Gori E1, Pierini A1, Lippi I1, Ceccherini G1 , Lubas G1, Marchetti V1

1 Veterinary Teaching Hospital “Mario Modenato”, Department of Veterinary Sciences, University

of Pisa, Via Livornese Lato monte, San Piero a Grado 56122, Pisa, Italy.

Introduction: The neutrophil to lymphocyte ratio (NLR) has been proposed as a readily accessible

and independent predictor parameter of poor survival in human patients with tumors, cardiovascular diseases and critically ill. As far as we know NLR has been evaluated only in oncological veterinary patients.

Objective: To evaluate NLR in dogs with systemic inflammatory response syndrome (SIRS) and its

association with the severity of illness, outcome and sepsis. BLR (band neutrophil-to-lymphocyte ratio) and BNLR (band-to-neutrophil-to-lymphocyte ratio) were evaluated as well.

Methods: Data were retrospectively collected and enrolled animals subsequently divided in 3

groups: 90 with SIRS, 50 healthy and 50 with chronic diseases as control groups.
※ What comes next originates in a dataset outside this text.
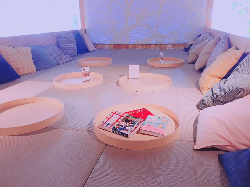 6F女性専用フロアには、畳スペースもあります。畳と丸トレーの組み合わせって、なんだか温泉を連想しませんか?旅館に来たかのようで、まったり気分になってしまいます。
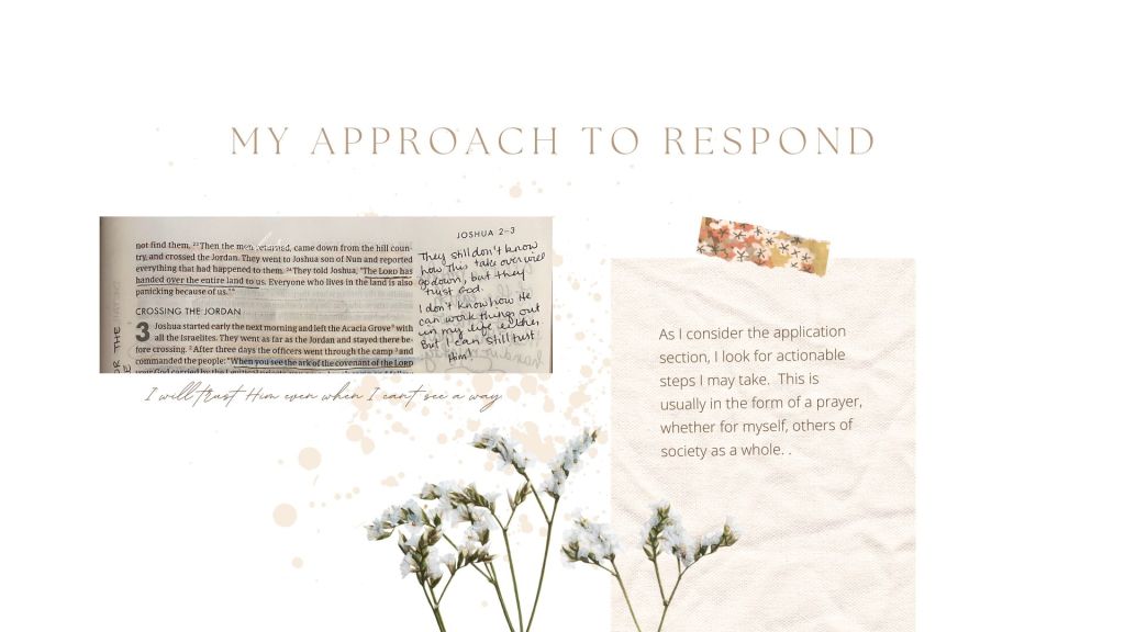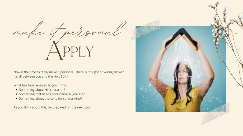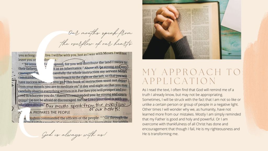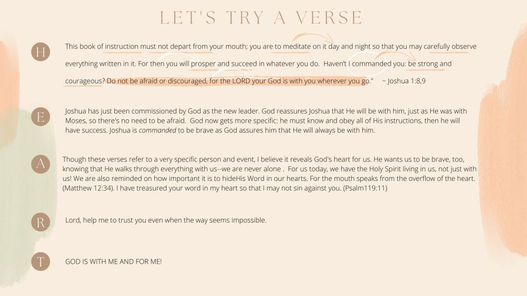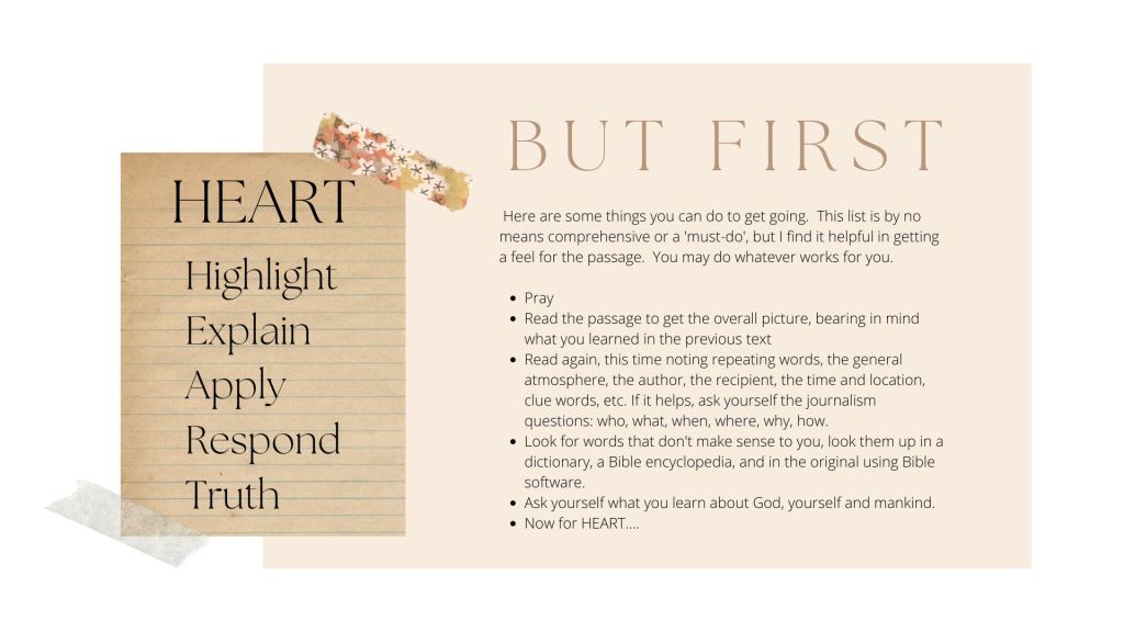 One evening that I facilitated our women’s Bible study, I put together the slideshow below to show how to approach HEART in a practical, step-by-step way (click on right side to proceed through the slides). We were going through Joshua at that time, so I used examples from that week’s homework.

A SIRS grading was obtained based on how many criteria were fulfilled. The APPLEfast score was applied to the SIRS group. The survival rate was assessed at day 15 after their admission. Dogs with cytology or positive culture for active bacterial infections were recorded as septic. Mann Whitney U-test, Kruskal-Wallis test and Dunn’s multiple comparison test were used to compare groups using statistical software.

Results: In the SIRS group, thirty-nine dogs (43%) died during the study period. APPLEfast score >25 (p=0.03) and SIRS grading >2 (p=0.001) were associated with poor outcome. NLR was higher in the SIRS group compared to the control groups (p<0.0001 and p<0.0001, respectively) and not associated with outcome. NLR was not statistically different between SIRS grading groups or APPLEfast score groups. NLR was lower in septic dogs than in non-septic group (p=0.016). Dogs with SIRS grading >2 showed a higher BLR than dogs with SIRS grading =2 (p=0.04). Any association of BLR and BLNR with outcome, sepsis and APPLEfast groups was found.

Conclusions: Our results demonstrate the utility of NLR evaluation in dogs with SIRS (higher) and

in septic dogs (lower). Further prospective, large-scale studies investigating the role of BLR and BLNR in canine SIRS are warranted.